> GOAL OF THE EXERCISE:
I need every line from the start of the material below up to and including the line containing "(KUALA LUMPUR, Malaisie, 9", restated exactly, with the pictures omitted.

> SUPPLIED RECORDS:
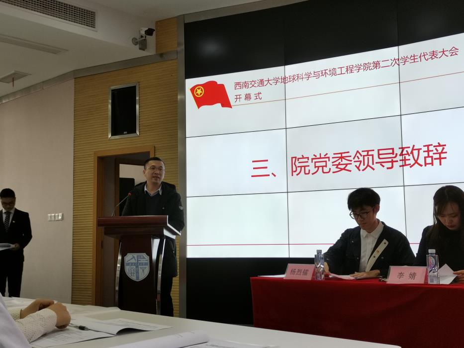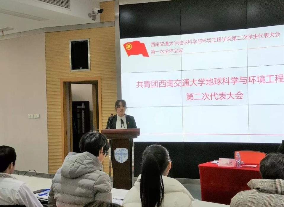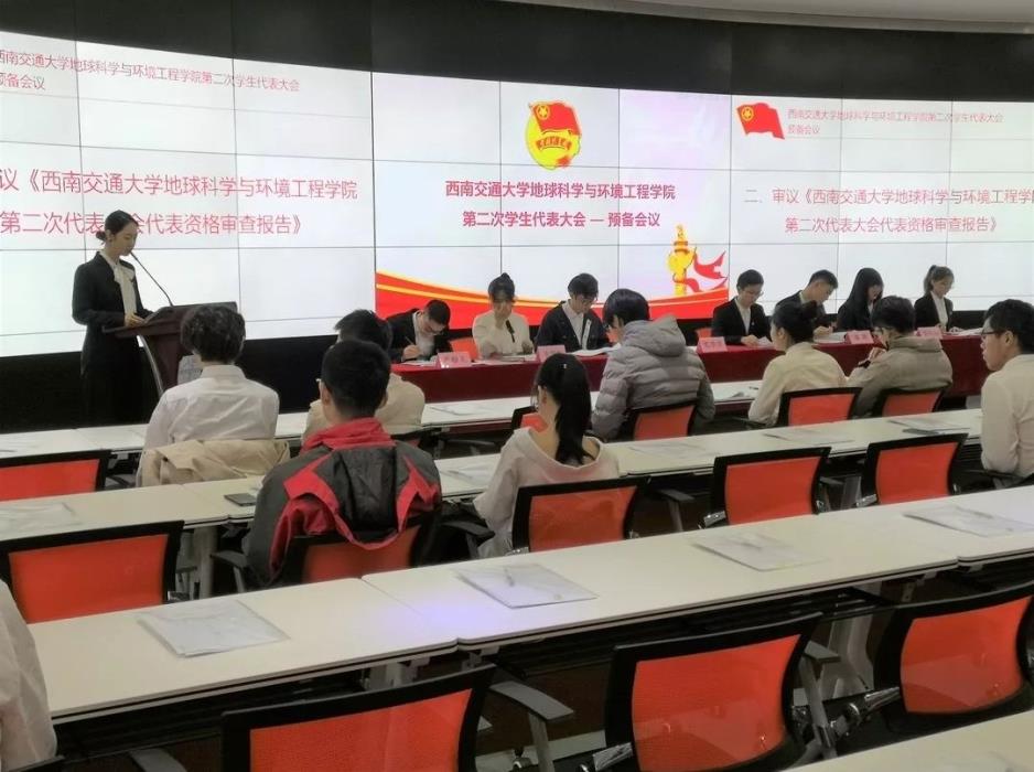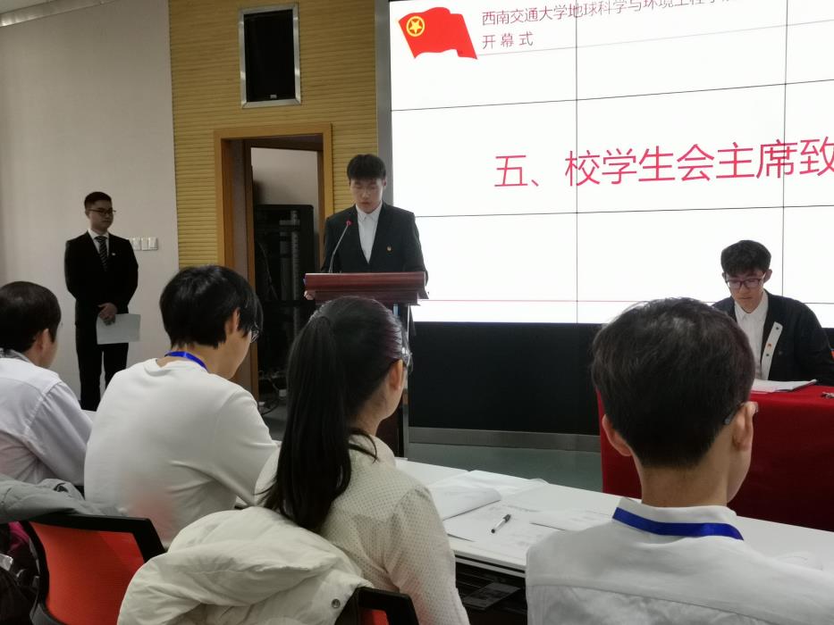 地球科学与环境工程学院第二次学生代表大会第一次全体会议。宣读《每日大赛
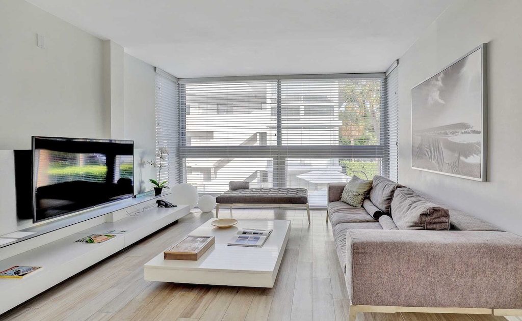 Exclusive unit in Beach Haus Key Biscayne offers a serene island lifestyle a block away from the beach. Fully furnished two bedrooms: one with a King size, the second one with two Twin size beds, separate living area, equipped kitchen, full-size refrigerator, stove-top, oven and cookware. Three story building with open corridors, wrapping an infinity pool, accommodates 31 units. Complimentary parking, cable TV and Wi-Fi. You can visit the pristine Key Biscayne Beach with complimentary access to the Beach Club or, enjoy a bike ride on a Beach Haus bike. Coin operated washing machine and tumble dryer available on the ground level. Cleaning services can be arranged for a fee
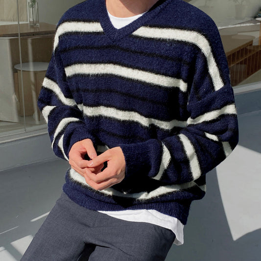 RT No. 3280 V-NECK STRIPED KNITTED SWEATER
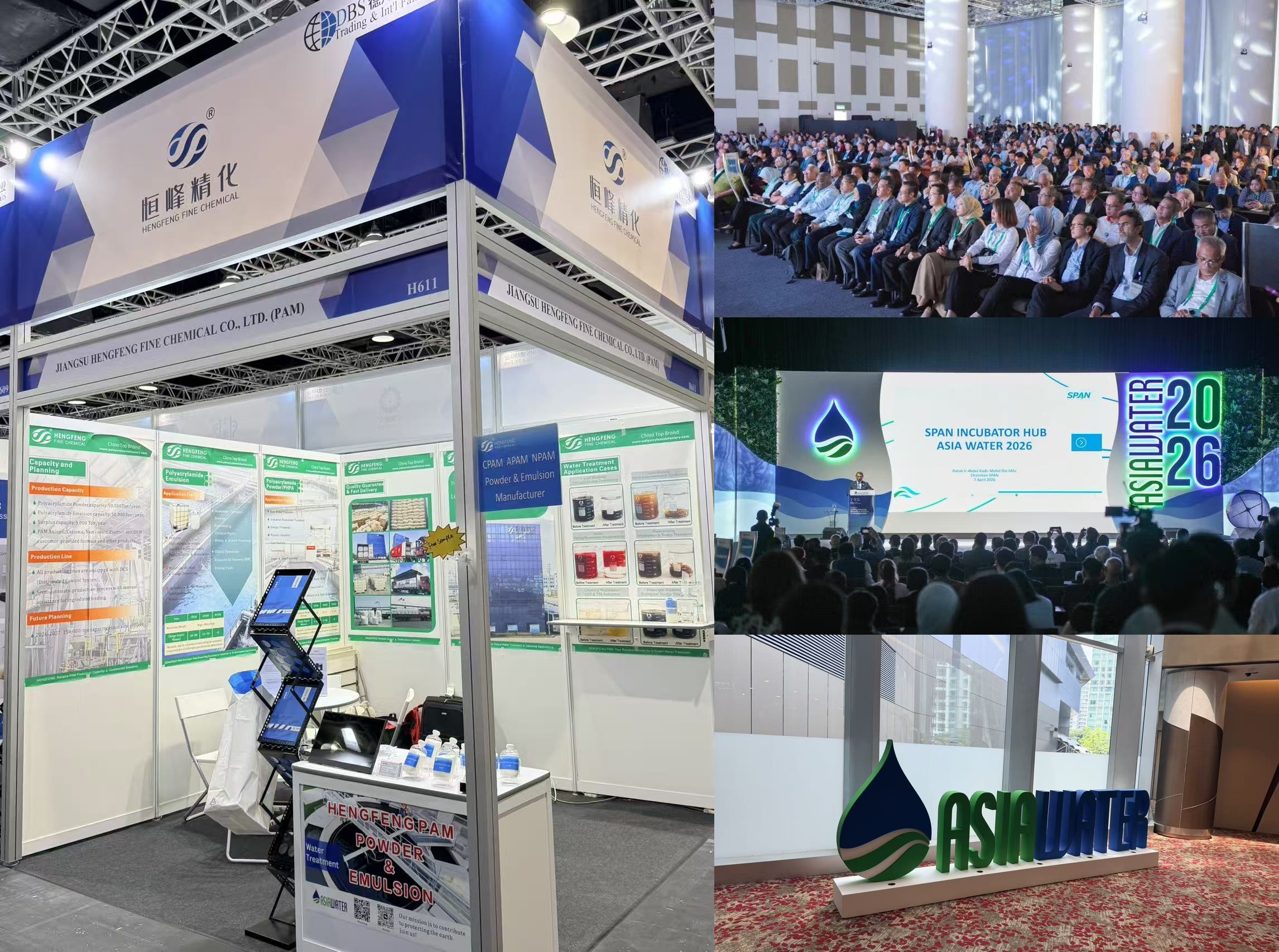 (KUALA LUMPUR, Malaisie, 9 avril 2026) — Jiangsu Hengfeng Fine Chemical Co., Ltd., l'un des principaux fabricants et fournisseurs chinois de produits chimiques de traitement de l'eau et de solutions polymères de haute qualité, a participé avec succès à la 14e édition de ASIE EAU 2026 , le principal événement de l'industrie de l'eau et des eaux usées de la région. L'exposition a eu lieu du du 7 au 9 avril à la Centre de congrès de Kuala Lumpur (KLCC) en Malaisie ASIAWATER.
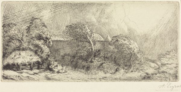 Editor: This etching, "Piping Satyr and Two Fauns, from 'The Triton Group'," by Salvator Rosa, made between 1655 and 1666, feels incredibly unrestrained. The lines are so free and loose, almost chaotic. How do you interpret this work, thinking about the context in which it was made? Curator: This piece plunges us into the world of the satyr, a liminal figure often embodying marginalized desires and anxieties in 17th-century European culture. Rosa, through the etching, may be subtly commenting on the boundaries of acceptable social behavior, and how those in power police such norms. Look at the piping satyr himself: who is he performing for, and on whose terms? Editor: So, the act of playing the pipes could be seen as a commentary on power dynamics? Curator: Precisely. The performance – the art itself – is never neutral. It exists within a framework of who is seen, who is heard, and who benefits. And Rosa, by depicting these mythical beings in what seems a private moment, invites us to question the gaze, our own participation in observing these figures. Consider, too, how 'natural' the setting is: it reflects an ideal, but at what cost does that ideal come? Are we romanticizing a power structure? Editor: I see what you mean. It’s easy to get lost in the apparent freedom and wildness without thinking critically about the social commentary that could be present. It is definitely useful to bring in history and social norms to reveal so much more than just what is visually in front of me. Curator: Exactly! This approach lets us interrogate the art, and the world, with more intentionality and nuance.
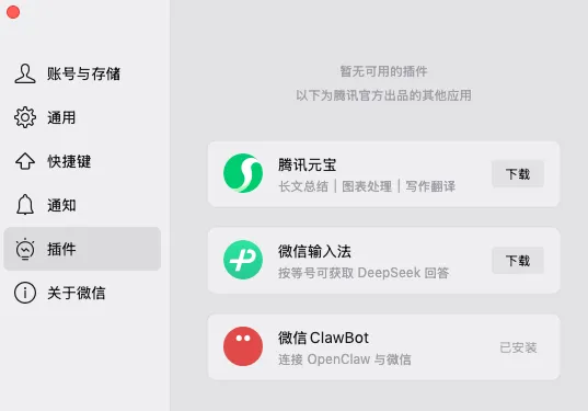 近日,PC/Mac微信 4.1.8 版本再次更新,已经支持微信 ClawBot 插件。
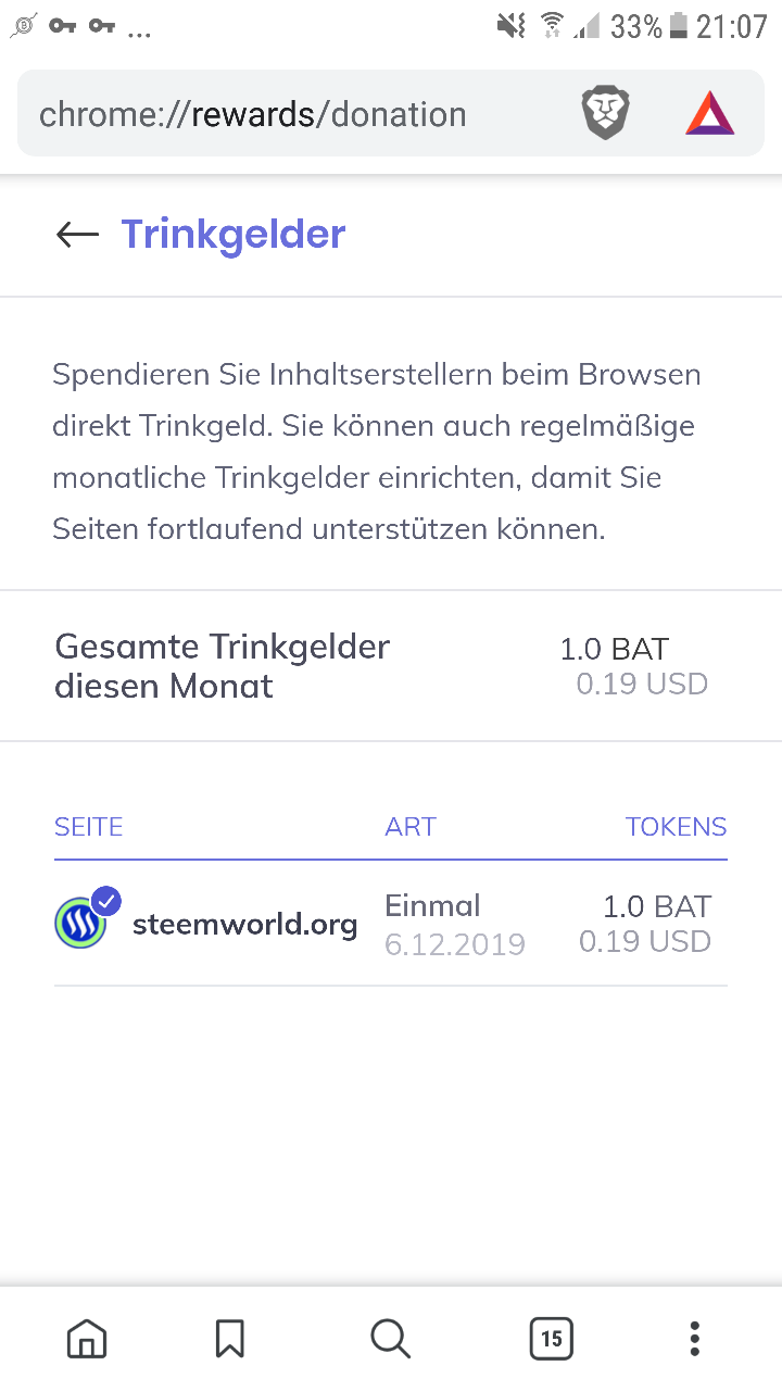 Oh fein! Steemworld ist für Brave BAT registriert. Na das soll man mir nicht zwei mal sagen!! Regelmäßiges Trinkgeld ist eingerichtet und ein 10 BAT Tip vorweg schon unterwegs!! !invest_vote
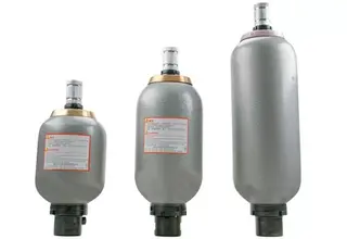 At present, the most commonly used accumulator is the pneumatic-hydraulic type. The action of gas is similar to that of a buffer spring, and it works together with fluid, separated by a gas piston, a thin diaphragm or an airbag.
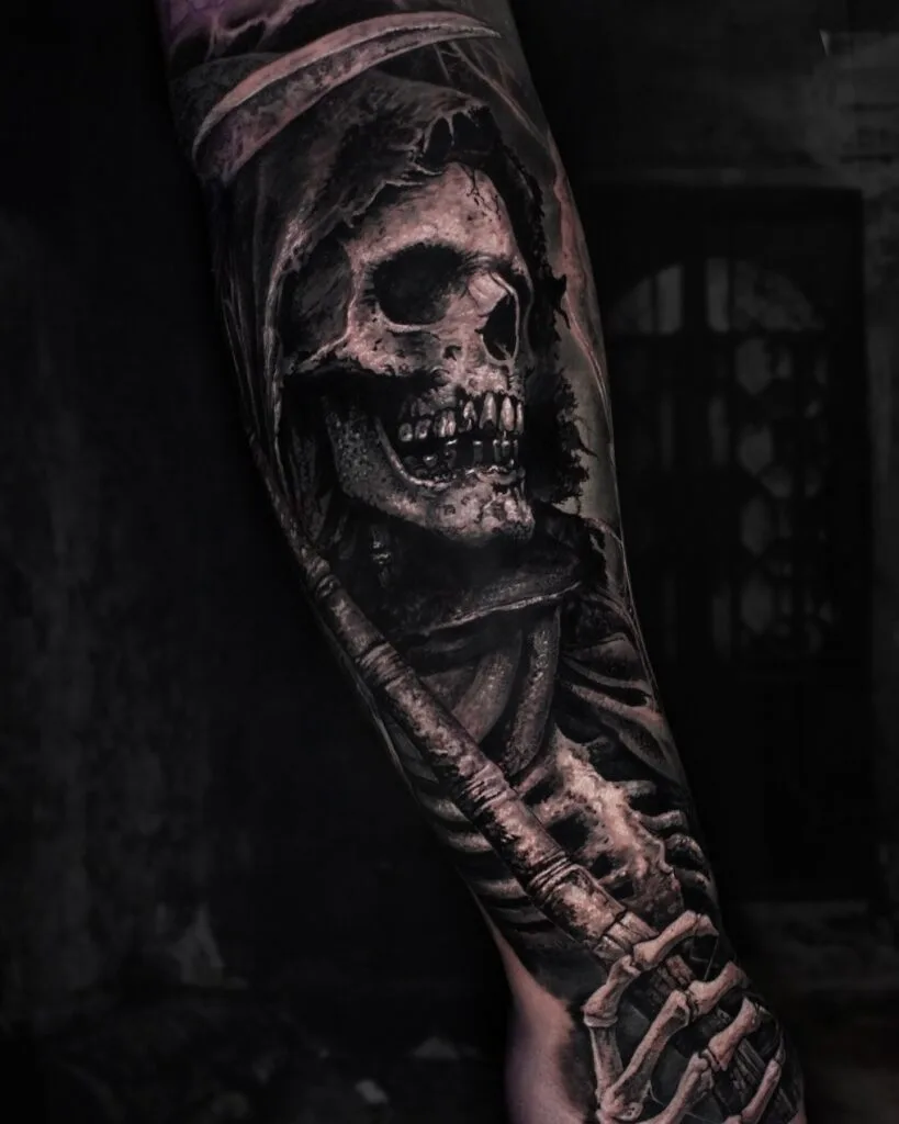 This tattoo depicts the Grim Reaper with a detailed skull face and tattered hood, holding his scythe. The artist used deep blacks and subtle highlights to create striking contrast, giving the design a hauntingly realistic depth.
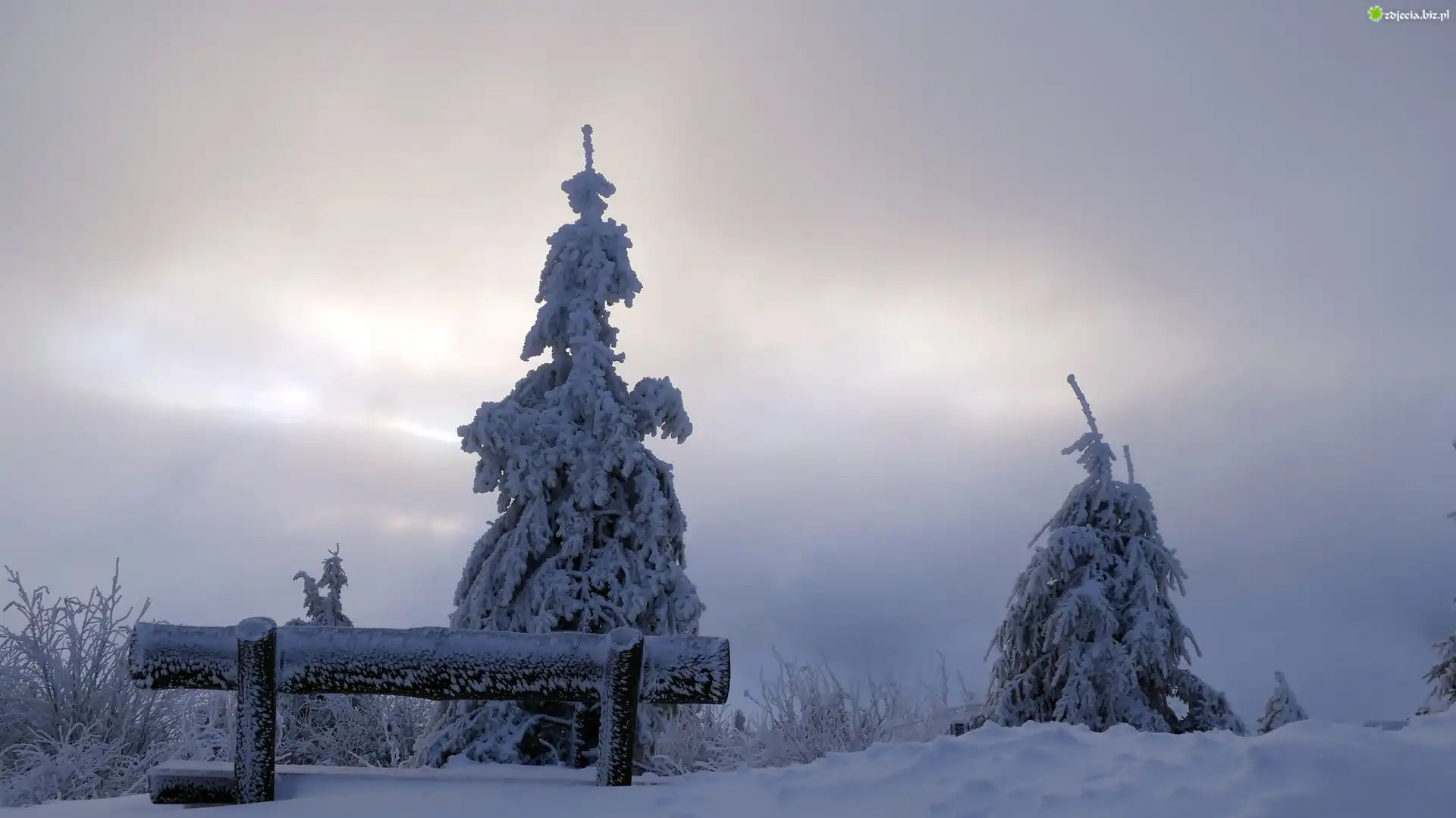 Zdjęcie Zima, Świerki, Mgła, Ławka

> TASK RESULT:
 地球科学与环境工程学院第二次学生代表大会第一次全体会议。宣读《每日大赛
 Exclusive unit in Beach Haus Key Biscayne offers a serene island lifestyle a block away from the beach. Fully furnished two bedrooms: one with a King size, the second one with two Twin size beds, separate living area, equipped kitchen, full-size refrigerator, stove-top, oven and cookware. Three story building with open corridors, wrapping an infinity pool, accommodates 31 units. Complimentary parking, cable TV and Wi-Fi. You can visit the pristine Key Biscayne Beach with complimentary access to the Beach Club or, enjoy a bike ride on a Beach Haus bike. Coin operated washing machine and tumble dryer available on the ground level. Cleaning services can be arranged for a fee
 RT No. 3280 V-NECK STRIPED KNITTED SWEATER
 (KUALA LUMPUR, Malaisie, 9 avril 2026) — Jiangsu Hengfeng Fine Chemical Co., Ltd., l'un des principaux fabricants et fournisseurs chinois de produits chimiques de traitement de l'eau et de solutions polymères de haute qualité, a participé avec succès à la 14e édition de ASIE EAU 2026 , le principal événement de l'industrie de l'eau et des eaux usées de la région. L'exposition a eu lieu du du 7 au 9 avril à la Centre de congrès de Kuala Lumpur (KLCC) en Malaisie ASIAWATER.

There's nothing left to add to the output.